It is unlikely that we will find strong relationships between what individuals are reporting about themselves and how they objectively behave
The Challenges and Opportunities of Small EffectsThe New Normal in Academic Psychiatry. Martin P. Paulus, Wesley K. Thompson. JAMA Psychiatry. February 27, 2019. doi:10.1001/jamapsychiatry.2018.4540
Full text in the link above.
Explanations and accurate predictions are the fundamental deliverables for a mechanistic or pragmatic approach that academic psychiatric research can provide to stakeholders. Starting with this issue, we are publishing a series of Viewpoints describing the research boundaries and challenges to progress in our field. In this issue, Simon1 raises the need for better explanatory model using data from electronic health records. This Viewpoint acknowledges an important issue: variables or constructs that are used to help explain the current state of individuals or to generate predictions need to account for a substantial proportion of the variance of the dependent variable or outcome measure to be clinically useful. However, similar to findings from genetics literature, systems neuroscience approaches using brain imaging are beginning to show that variability in structural and functional brain imaging only accounts for a small percentage of the explained variance when considering a variety of clinical phenotypes, especially in large population-representative samples.2 For example, in a 2016 analysis of UK Biobank data,3 the functional activation related to a face processing task, which activated the fusiform gyrus and amygdala, accounted for a maximum of 1.8% of the variance of 1100 nonimaging variables. These findings are in line with emerging results from the Adolescent Brain Cognitive Development study4 focused on the association between screen media behavior and structural MRI characteristics. Importantly, these large-scale studies have used robust and reliable estimators to reduce false-positive discoveries. Thus, similar to genetics literature, it appears that individual processing differences as measured by neuroimaging account for little symptomatic or behavioral variance.
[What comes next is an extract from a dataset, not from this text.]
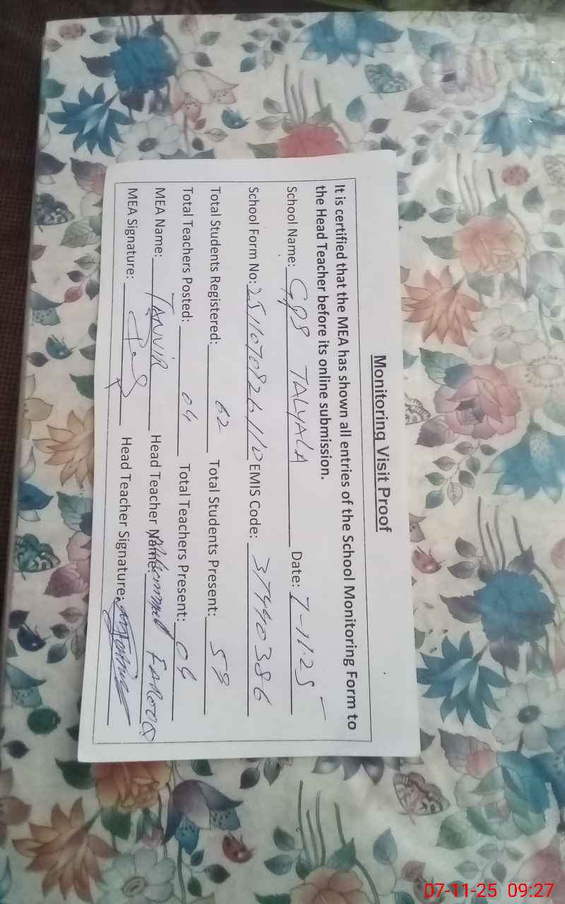 | EMIS Code: 37440386 | Name of School: GPS TALYALA | |||

There is evidence that the association between individual variation on self-assessed symptoms and behavioral performance on neurocognitive tasks is weak.5,6 Moreover, many behavioral tasks show limited test-retest reliability and little agreement between task conceptualization and actual agreement with emerging latent variables of these tasks. Therefore, it is unlikely that we will find strong relationships between what individuals are reporting about themselves and how they objectively behave. It seems that the individual experience of a person with a mental health condition, which has been proposed to be an important end point for explanatory approaches,7 is not well approximated by the behavioral probes that are currently available.
These and other findings have profound implications for our theoretical understanding of psychiatric diseases. Specifically, small effect sizes make it unlikely that psychiatric disorders can be explained by unicausal or oligocausal theories. In other words, there is not going to be a unifying glutamatergic or inflammatory disease model of mood disorders. What’s more, even if there is a relationship between markers for these disease processes and the state of a psychiatric disorder, as currently conceived, it may not be sufficiently strong to be used by itself to make useful person-level predictions. This is not to say that these processes are not contributing to the etiology or pathophysiology of the disorder but rather that their impact is likely to be small so as to not be individually useful in helping patients and other stakeholders explain their current disease state. As a consequence, there is a low probability of a generic disease process for a group of psychiatric disorders or a final common pathway for a disease.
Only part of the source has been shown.